Genes identified in the predicted circRNA–miRNA–mRNA networks were validated by RT-qPCR. The results for the five circRNAs, four miRNAs, and target mRNAs were generally consistent with the sequencing and prediction results. In particular, the levels of the five circRNAs and the two predicted miRNA targets mmu-miR-877-3p and mmu-miR-669 m-5p were significantly increased, and the levels of mmu-miR-1224-3p and mmu-miR-497a-5p were significantly decreased by NPWT.

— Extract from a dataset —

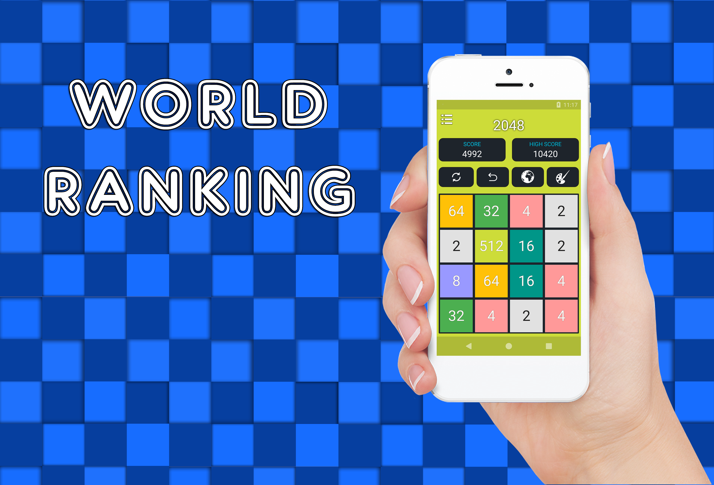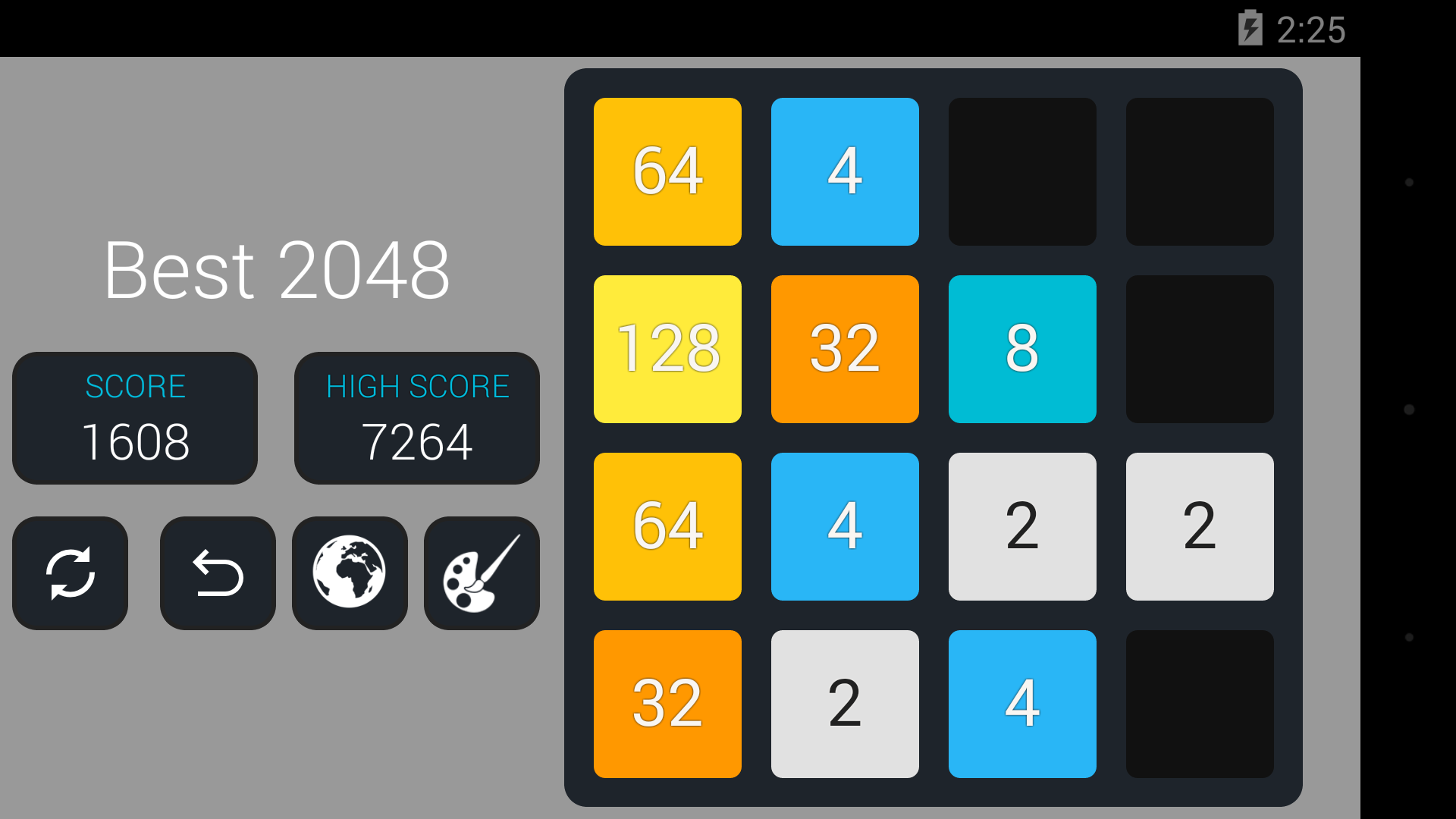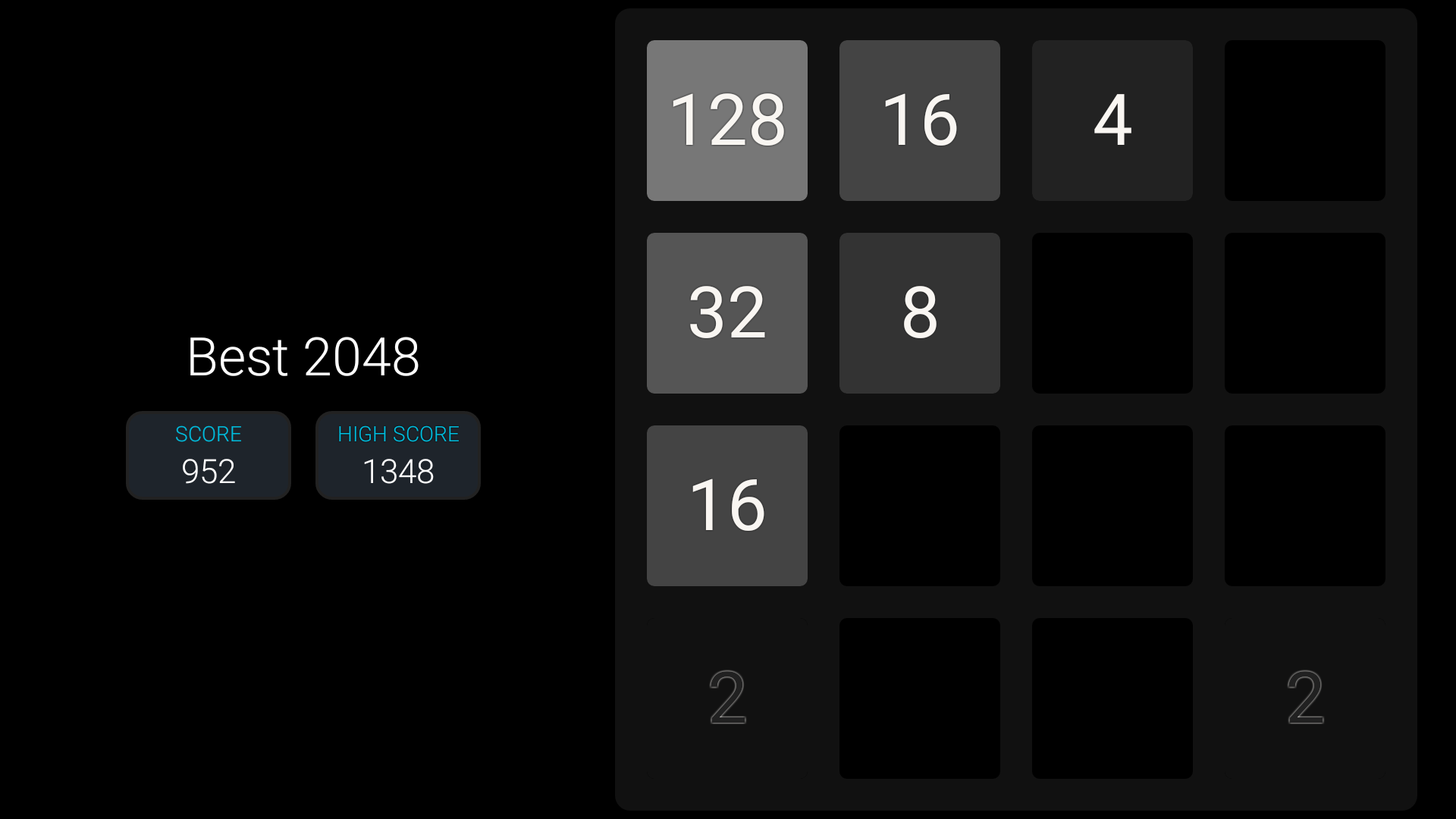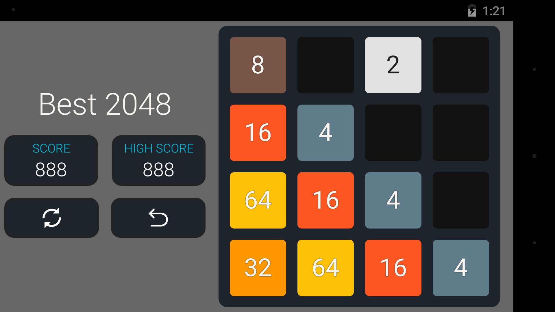 Welcome to Original 2048 Game. Best Puzzle and Educational 2048 Game. Slide Up, Down, Left and Right to make bigger tiles. 2048 Puzzle on 4X4 Board. Features 1) You can play in either Landscape or Portrait Mode 2) You can undo your last 5 moves 3) Game will auto save 4) Smooth Slides and Animation 5) One Click Play Game 6) Undo till 5 levels 7) Battery Saving Mode 8) Your Score will be saved automatically 9) Charming Sounds when you slide the tile! 10) TV support extended - 2048 Plus 11) Check Your World Rank - 2048 Ranking 12) Various Colorful themes a) Chocolate Theme b) Gold Theme c) Classic Theme d) Black Theme 13) Android Wearable Support - Play 2048 on Android Watch. 14) Play 2048 on TV 15) Play kukukube and Game of Fifteen inside 16) Check Your world Rank around Top 2048 Players. Invite your friends to play 2048 17) Gold, Silver & Bronze Metal. (Gold Medal for 80000+ Score) 18) D-pad and Game Pad Support 18) 100% Ads Free. Currently we are working on DayDream (VR) and AR support. So we will make it ultimate 2048++. Follow Us On Facebook: Search for best2048 It's not 2048 Ads Free. With the help of undo feature, You can easily Highest Score: Create Tile 2048 is first challenge. However you can achieve Tile 4096 or Tile8192, 16384, 32768, 65536, 131072 More. About 2048 Original 2048 is played on a 4×4 grid board, with numbered tiles that slide smoothly when a player moves them using the four arrow keys (D-pad) or Using touch slides. Every turn, a new tile will randomly appear in an empty spot on the board with a value of either Two or Four. Tiles slide as far as possible in the chosen direction until they are stopped by either another tile or the edge of the grid. If two tiles of the same number collide while moving, they will merge into a tile with the total value of the two tiles that collided. The resulting tile cannot merge with another tile again in the same move. A scoreboard on the upper-right keeps track of the user's score. The user's score starts at zero, and is incremented whenever two tiles combine, by the value of the new tile. The first challenge when a tile with a value of 2048 appears on the board, hence the name of the game. After reaching the 2048 tile, players can continue to play (beyond the 204 8 tile) to reach higher scores. When the player has no legal moves (there are no empty spaces and no adjacent tiles with the same value), the game ends. This game is also known as Game 4096. 2048Game Tips and Tricks 1. Corner for the biggest tile In order to win the game you should have a strategy to keep the biggest tile on the corner. If you do not follow this then, you would most probably maximum till 512 Tile . So, a good strategy is to always keep your height value tile at one of the corners. Just choose one corner and direct all your tiles there. It is not as easy as it sounds, but you can master it quickly. Master this simple strategy and you will soon reach 1024 and even win the 2048 Game! 2. Take It Slow 2048 is so easy to play, you might get into the habit of tearing through games without even really paying attention to what you're doing. That's not a good idea. Take your time - there's no penalty for thinking your moves through after all. Also, try to predict where new blocks might come in and how you could deploy them. Something like playing chess. 3. How to make the highest valued tile in the right bottom corner and not to move it? Once you have placed your highest tile value is in the right bottom corner, do not move it. To make sure it is not moved, you have to make the last row always filled by pushing the down arrow so that the use of LEFT and Right Arrow would not move the highest valued tile. Basically, this is the most important cheat for 2 048 Game - keep the highest tile in the corner and do not move it. Many more features are coming! Share your feedback! Best of Luck! 2048!

Collectively, this study demonstrates the successful establishment of a novel P. aeruginosa infected burn wound model and reveals the protective role of NPWT in wound healing and systemic sepsis. Moreover, we identified the circRNA expression profile of the effects of NPWT in infected burn wounds, identifying five circRNAs (mmu_circ_0004796, mmu_circ_0011322, mmu_circ_0001240, mmu_circ_0013121, and circRNA Hnrnpll), which act as miRNA sponges, and the related miRNAs were identified as mmu-miR-877-3p, mmu-miR-669 m-5p, mmu-miR-1224-3p, and mmu-miR-497a-5p. Overall, our discovery yields several novel ncRNA targets of NPWT in burn wound sepsis, which can further offer potential new therapeutic targets. Despite this advance in our understanding of circRNAs in NPWT, further experiments are required to substantiate whether the ceRNA networks identified ultimately play a role in burn wound sepsis.

Conclusions

This study demonstrates that NPWT could significantly accelerate wound healing by reducing the P. aeruginosa quantity, alleviating wound inflammation, and promoting angiogenesis in a P. aeruginosa infected burn wound model. NPWT also significantly ameliorated systemic inflammation and related organ injuries to prevent burn wound sepsis. We identified the circRNA profiles related to the effect of NPWT on the infected burn wound, and five significant circRNAs acting as miRNA sponges and the related miRNAs were identified. Further exploration of the role of the predicted circRNA-miRNA-mRNA networks is required to elucidate the deeper mechanism of NPWT in burn wound sepsis. The identified circRNAs offer promising targets for wound and sepsis therapy.